Top of Material for the task

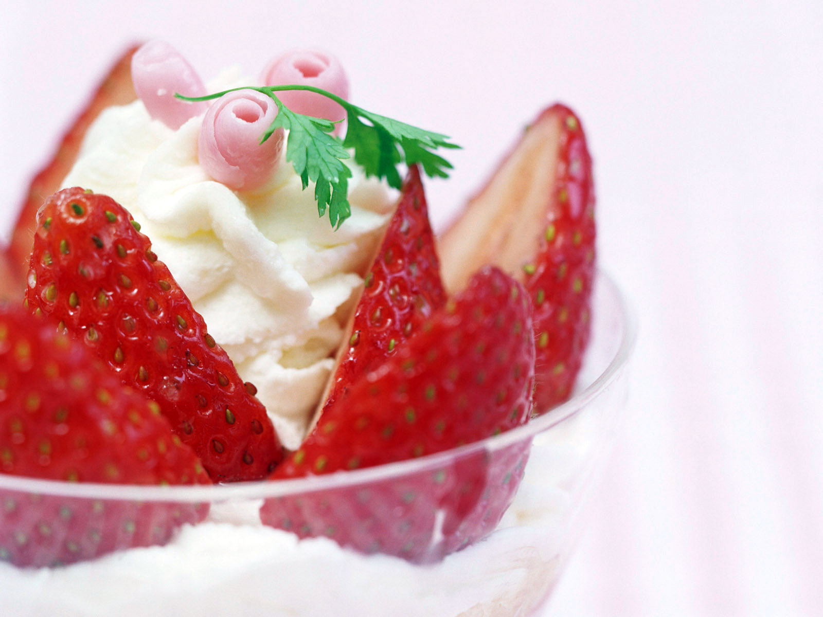 Скачать обои для рабочего стола Взбитые сливки с клубникой и фото
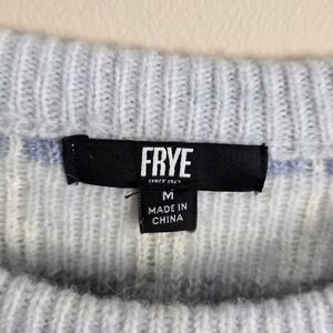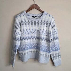 Frye Womens Fair Isle Knit Sweater Light Blue White Grey Geometric Crewneck M
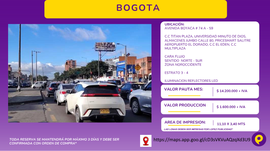 - Valla publicitaria iluminada ubicada en la Avenida Boyacá de Bogotá, en la zona noroccidental. La estructura está equipada con reflectores LED, lo que garantiza su visibilidad durante la noche. Tiene un área de impresión de 11,10 x 3,40 metros, ideal para alcanzar un alto flujo vehicular en sentido norte-sur.
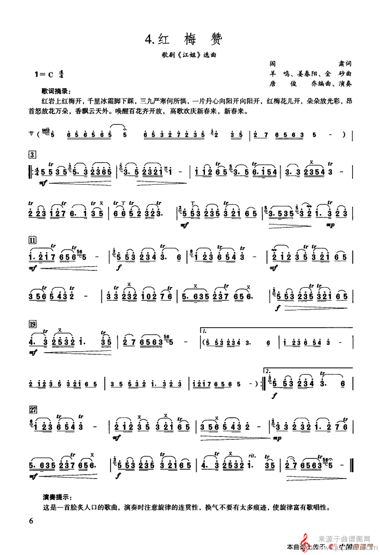 曲谱图网为您提供红梅赞简谱(红梅赞原唱歌词)找谱子,就上曲谱图网。
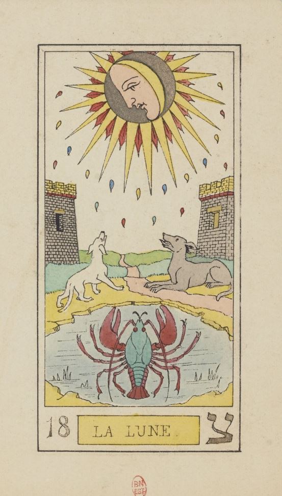 Medieval bestiaries, those collections of real or fantastic animals explained from a Christian point of view, often connect the moon to special creatures like the owl (symbol of night wisdom but also heresy), the unicorn (purity), or the wolf (danger). This link between the moon and special animals comes before the animals we later see on the tarot card: dogs, wolves, crayfish, or hybrid creatures.

Bottom of Material for the task

■ Your assignment ■
Write every line of the data out again exactly, leaving out all images.

■ Answer to this task ■
 Скачать обои для рабочего стола Взбитые сливки с клубникой и фото
 Frye Womens Fair Isle Knit Sweater Light Blue White Grey Geometric Crewneck M
 - Valla publicitaria iluminada ubicada en la Avenida Boyacá de Bogotá, en la zona noroccidental. La estructura está equipada con reflectores LED, lo que garantiza su visibilidad durante la noche. Tiene un área de impresión de 11,10 x 3,40 metros, ideal para alcanzar un alto flujo vehicular en sentido norte-sur.
 曲谱图网为您提供红梅赞简谱(红梅赞原唱歌词)找谱子,就上曲谱图网。
 Medieval bestiaries, those collections of real or fantastic animals explained from a Christian point of view, often connect the moon to special creatures like the owl (symbol of night wisdom but also heresy), the unicorn (purity), or the wolf (danger). This link between the moon and special animals comes before the animals we later see on the tarot card: dogs, wolves, crayfish, or hybrid creatures.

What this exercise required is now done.